ART 86030 Urban Episodes: 1900-1961
Profs. Romy Golan & Marta Gutman Tuesdays 2:00-4:00 [38163]
This seminar examines artists and architects in Vienna, Barcelona, New York, Paris, Moscow, Mexico City, Algiers, and Berlin (east and west), from 1900- 1961. Expect to examine the intersection of art and architecture with politics, culture, and place. Accepts auditors.


ART 86040 Media/Art
Prof. David Joselit Wednesdays 2:00-4:00 [38164]
Focused around recent art-historical scholarship on time-based media, as well as selected texts from media theory and media archaeology, this course will span the invention of cinema in the late 19th century to the rise of the Internet.  Issues will include media art’s redefinition of publics; questions around the changing agency of images during the long twentieth century; how architecture and media converge in infrastructure, and how image worlds may affect the nature of citizenship. No auditors.
 
 
CLAS 81100 Presocratic Philosophy
Prof. David Sider Mondays 6:30-8:30 NYU [38169]
In this course we shall survey the path of Greek philosophy from its beginnings until just short of Plato. Most of this will be on natural science (such as evolution, the big bang theory, and subatomic particles, to be anachronistic) and the attempts to grapple with the concept of existence, but what little remains of early philosophical ethics will also be examined.

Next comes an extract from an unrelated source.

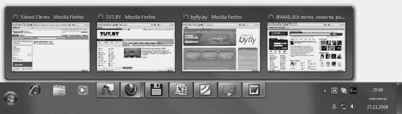 Как уже было сказано, наведя указатель мыши на ярлык запущенного приложения, расположенный на Панели задач, вы сможете увидеть эскиз конкретного открытого окна. Если таких процессов или программ запущено несколько, то, поскольку они все будут ассоциированы с одним значком, количество эскизов будет равно количеству запущенных копий (рис. 2.23).

Since all of early Greek thought is known primarily from later sources who quote (not always consistently), paraphrase (often tendentiously), and interpret (often erroneously), it must be approached in the first instance philologically fragment by fragment before being put into historical and then philosophical contexts.
 

CL 80100 Theory and History of Translation
Prof. Bettina Lerner Thursdays 4:15-6:15 [38097]
This seminar explores the history and theory of translation in the West. We will read and discuss major theoretical texts that have shaped the field of translation studies from Cicero and St. Jerome to Du Bellay, Dolet, Schlegel, Schleiermacher, Goethe, Benjamin, Jakobson, Borges, Venuti, Derrida, Berman, Spivak, Kilito and Apter among others in order to work our way through the various aesthetic, ethical and political questions raised by the practice of translation. Alongside these theoretical essays, we will examine key translations of literary and other texts as case studies that test the limits of these theories. At the end of the term, each student will redact a discussion of a specific translation theory or set of theories, an analysis of a specific translation or an original translation accompanied by a critical introduction. The class will be taught in English, but participants should have working knowledge of at least one language other than English, preferably French, German or Spanish.

 
CL 89000 Nietzsche Lévinas Blanchot
Prof. John Brenkman Wednesdays 4:15-6:15 [38095]
The friendship between Maurice Blanchot and Emmanuel Lévinas has fascinated, and often baffled, commentators on these major literary and philosophical thinkers of the 20th century. This seminar will explore the relation between Blanchot’s thought and Lévinas’s through the lens of their respective relation to a set of themes inaugurated by Nietzsche’s writings, in particular: the symbolic-affective connections of morality and power, the multiple facets of nihilism in the modern age, and the philosophical status of the human and otherness.
Primary texts: Nietzsche, On the Genealogy of Morals; The Will to Power; Thus Spoke Zarathustra. Lévinas, The Levinas Reader; Otherwise than Being; Proper Names. Blanchot, The Space of Literature; The Infinite Conversation.

 
CL 89200 History of Literary Criticism II
Prof. Charity Scribner Tuesdays 2:00-4:00 [38096]
A study of the development of thought about literature from the eighteenth century to the present, with readings from Kant, Schiller, Wordsworth, Arnold, Woolf, Tolstoy, Bakhtin, Lukács, Benjamin, Barthes, and Kristeva. This course will not only address issues pertaining to the evolution of modern aesthetics, but it will also examine current critical methodology.
 

CL 80100/HIST 72400/71902 Existentialism:  From Dostoevsky to Satre
Prof. Richard Wolin Mondays 6:30-8:30 [38101]
Existentialism revolutionized twentieth-century thought and culture. Heidegger’s Being and Time (1927) and Sartre’s Being and Nothingness (1943) established the movement’s contours and tenets, although Karl Jaspers and Simone de Beauvoir also made essential contributions.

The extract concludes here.